One morning I went on bird walk that ended at the Fair Amount Food Forest, where we got a guided tour and learned a lot about how to grow food in an urban environment. Afterword, I went on a walk with four complete strangers because one of them wanted to show us an eagle’s nest in the park. A woman with a curved spine led the way. A woman in a headwrap showed us how to strip Japanese knotweed stems for eating. Her two preteen daughters practiced bird calls. Our walk took us close to the Discovery Center, so we stopped there for a restroom break and to check out seeds from the seed library and to gaze at the resevoir birds. We saw a loon, which is not a frequent visitor to Philadelphia. I hope it found its stay as calm, friendly, and surreal as I found the city that morning.

Later that day, I went to a rooftop party and drank ciders as the sun set over the city, cackling with some of my favorites. April was a good month for feeling connected with my communities.

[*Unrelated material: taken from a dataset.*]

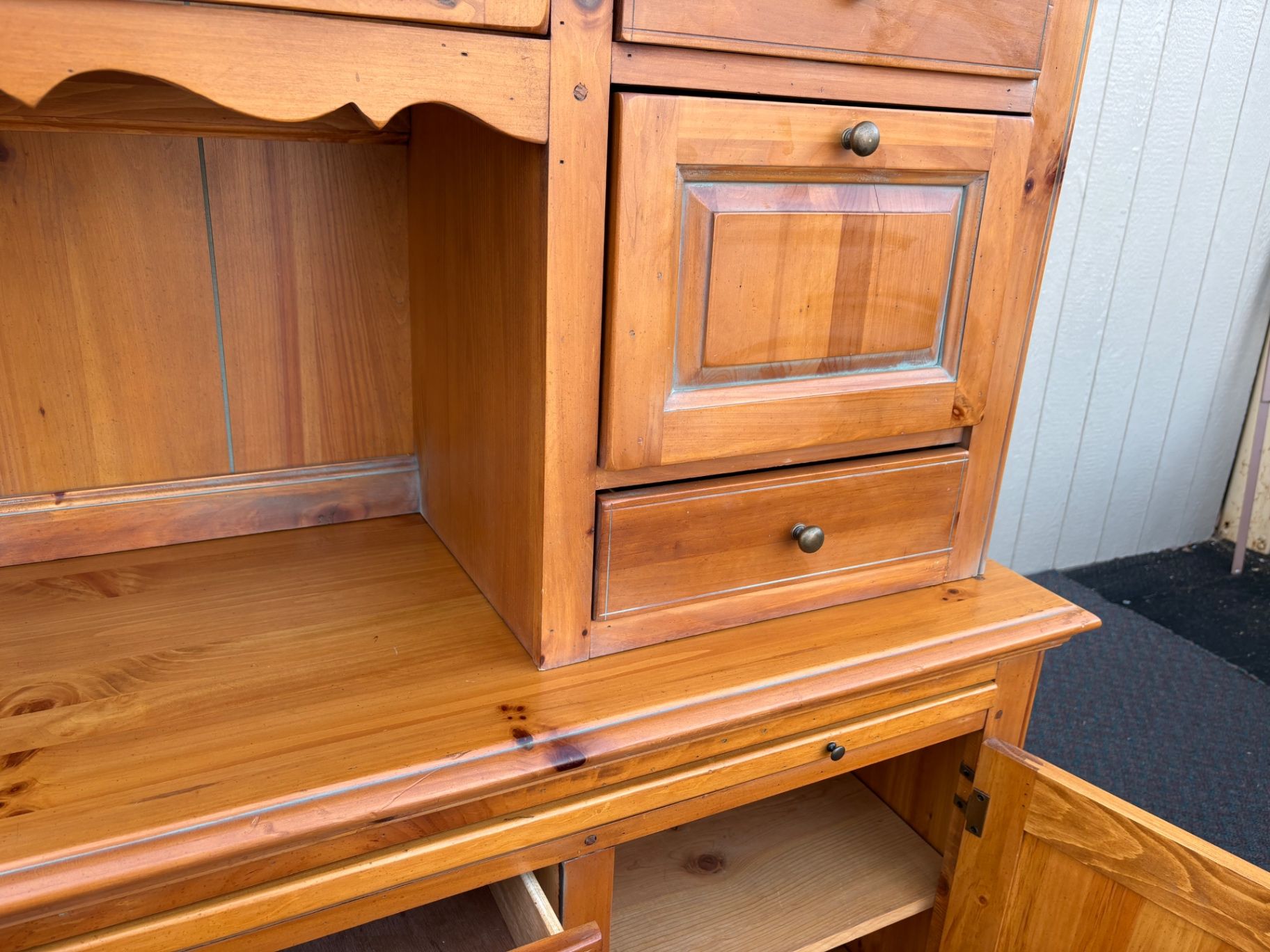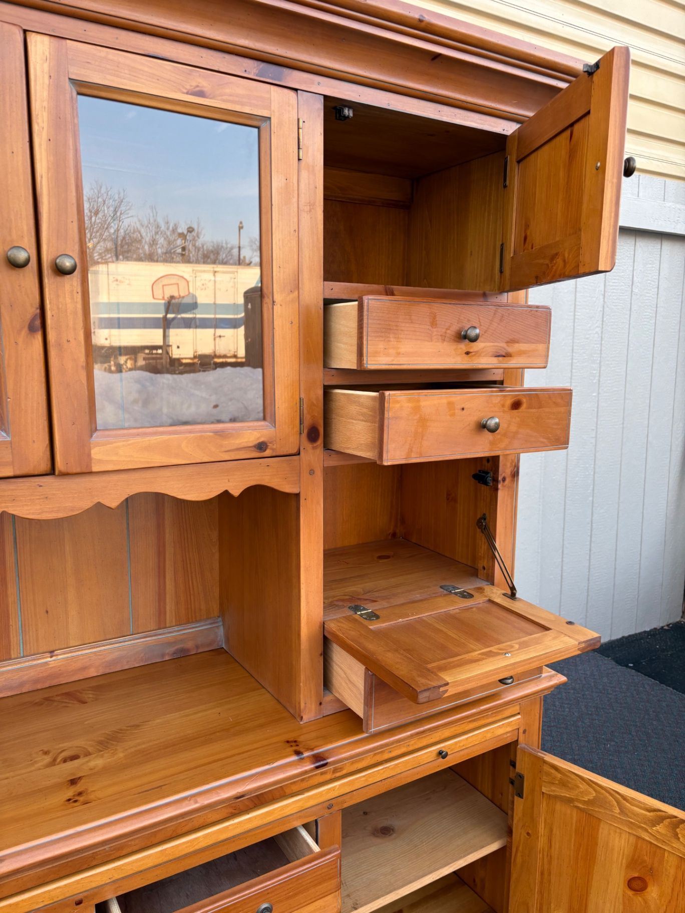 | Features | Two-piece design, glass-paneled doors, solid pine construction, original hardware, ample storage |

April is also when environmental stewardship starts to really pop off. It was cold and wet for most of the month, but warm and sunny on the morning I planted a couple of sidewalk trees with a crew of volunteers. I spent a Monday evening installing herbaceous plants in a schoolyard rain garden. (I was also supposed to lead a writing workshop at a big outdoor event in a nature preserve, but that did get rained out.) It was also a good month for Buried Creek Collective: we started accepting applications and they are trickling steadily in. The candidates all sound so interesting. We already have many more than we planned to accommodate, but we want to keep them all.

Normally I would have been busy with Earth Day activities, but I went to Memphis that week to help out my mom before and after her knee replacement. Fortunately my older cousin was also there, because there was a lot to do and organize. We tried to make it fun–we laughed a lot, despite the discomfort. We made a big family dinner one night when my brother and nephew came over. When I got back to Philadelphia, I felt that I had slipped out of time for a week–I was surprised to find that the calendar kept marching on while I was away.